Hungerford Town
- Full name: Hungerford Town Football Club
- Nickname: The Crusaders
- Founded: 1886
- Ground: Bulpit Lane, Hungerford
- Capacity: 2,500 (170 seated)
- Chairman: Cris Bowden
- Manager: Danny Robinson
- League: Southern League Division One South
- 2025–26: Southern League Premier Division South, 21st of 22 (relegated)
- Website: hungerfordtown.com
| Home colours | Away colours |

= Hungerford Town F.C. =

Association football club in Hungerford, England

Hungerford Town Football Club is a semi-professional football club based in Hungerford, Berkshire, England. Affiliated to the Berks & Bucks Football Association, they are currently members of and play at Bulpit Lane.

==History==
The club was established in 1886, initially playing friendlies as there were no local league or cup competitions.
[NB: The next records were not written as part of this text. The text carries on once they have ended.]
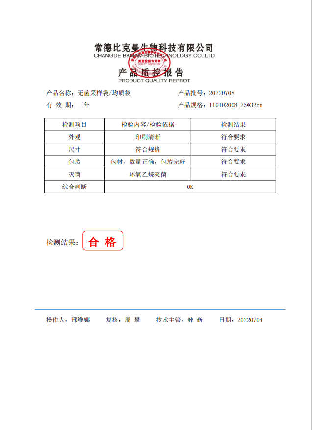 立式無菌采樣袋 25x32 (帶壓條) 50個裝 110102008 20220708
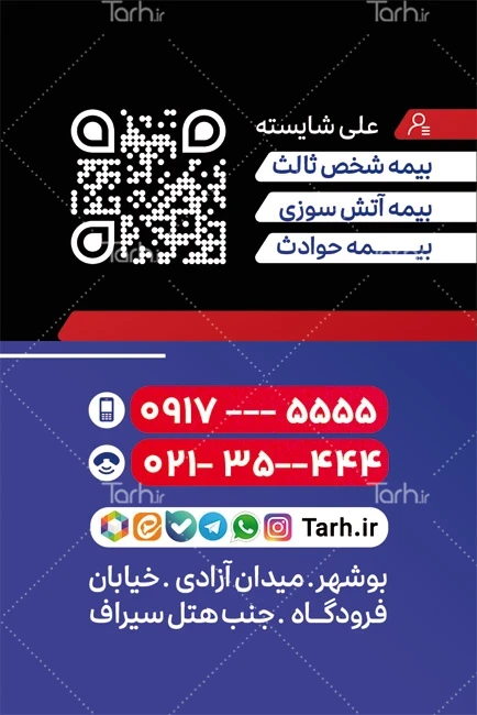 ابعاد طرح لایه باز کارت ویزیت دفتر بیمه در جدول ویژگیهای فایل درجشده و با توجه به لایه باز بودن و کیفیت بالای طرح بیمه دانا، قابلیت ویرایش و تبدیل به سایز دلخواه مانند کارت ویزیت مربع، دایره، برش خاص، قالب اختصاصی و ... را دارا میباشد. کارت ویزیت خام بیمه دانا قابلیت چاپ افست و چاپ دیجیتال روی انواع جنس کارت ویزیت مانند گلاسه، لمینت، کتان، کرافت، سلفون و پیویسی و ... را دارد. همچنین میتوان از طرح های کارت ویزیت جهت چاپ اتیکت، لیبل، کارت آویز و ... نیز استفاده کرد.
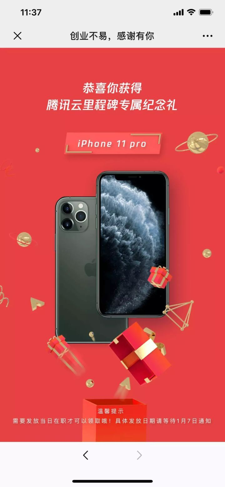 12 月 19 日,鹅厂腾讯发钱的消息又像往年一样引来了一群柠檬精。除了微信支付团队获得 2 亿元奖金的消息之外,一张腾讯云团队每个员工奖励一部 iPhone 11 Pro 的 H5 页面截图也不断地轰炸着朋友圈。
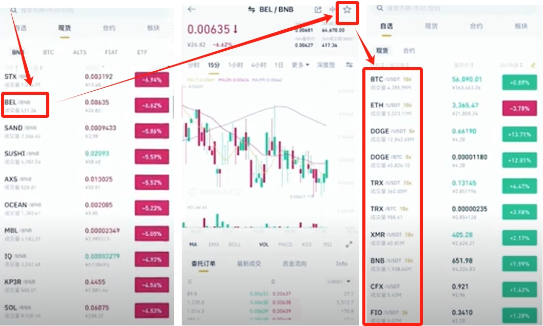 行情板块可实时查看数字货币价格波动,点击对应币种进入详情页可查看深度数据。通过点击右上角星标可将常用币种添加至自选列表。
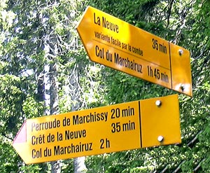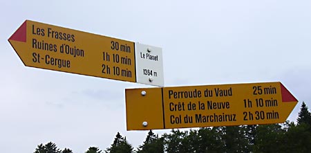 si on passe par le Crêt de la Neuve, le Marchairuz est à 2h. mais à 1h 45 par La Neuve, on choisira le plus directe! |
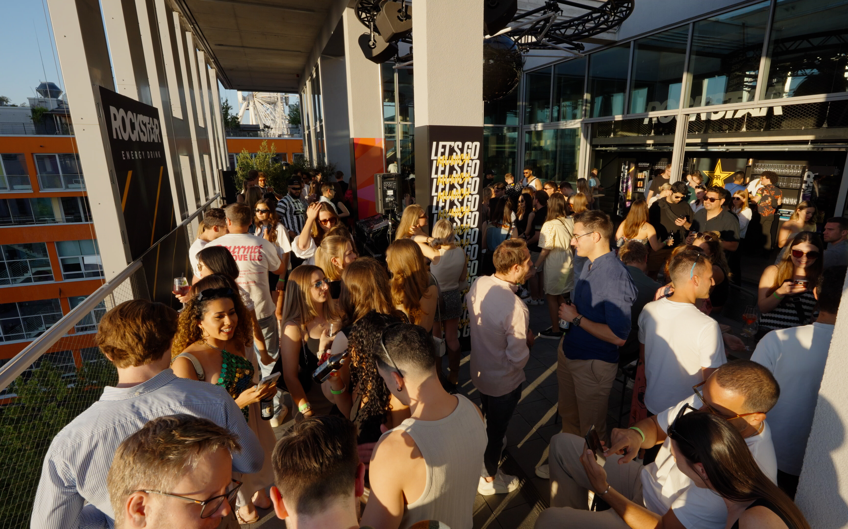 The spatial staging was based on a clear design language and atmospheric details: targeted lighting accents, a strong zoning of the area and the play with lines of sight between the rooftop, DJ set-up and city panorama. The character of the space was consciously used - selectively staged, with a clear effect in the setting. The design conveyed the energy of Rockstar Energy visibly and clearly: with contrasts, striking settings and a brand presence that extended from the bar to the DJ booth. Signature drinks, activating lighting moods and concise branding made the overall effect loud, self-confident and unmissable.

After two practice matches in October 1886, the first game against another club was played on 6 November, a 6–2 defeat to Earley. In 1904–05 they won their first honours, the Newbury Challenge Cup, by beating Newbury Union Jack 2–1 in the final. They won the trophy again in 1908–09 with a 2–1 win over Thatcham in the final. The club was now playing in the Hungerford League, but later joined the Newbury League. They won the Newbury League in 1912–13, retaining the title the following season. After World War I the club won the title again in 1919–20 and for a fourth time in 1921–22. They later joined the Swindon & District League.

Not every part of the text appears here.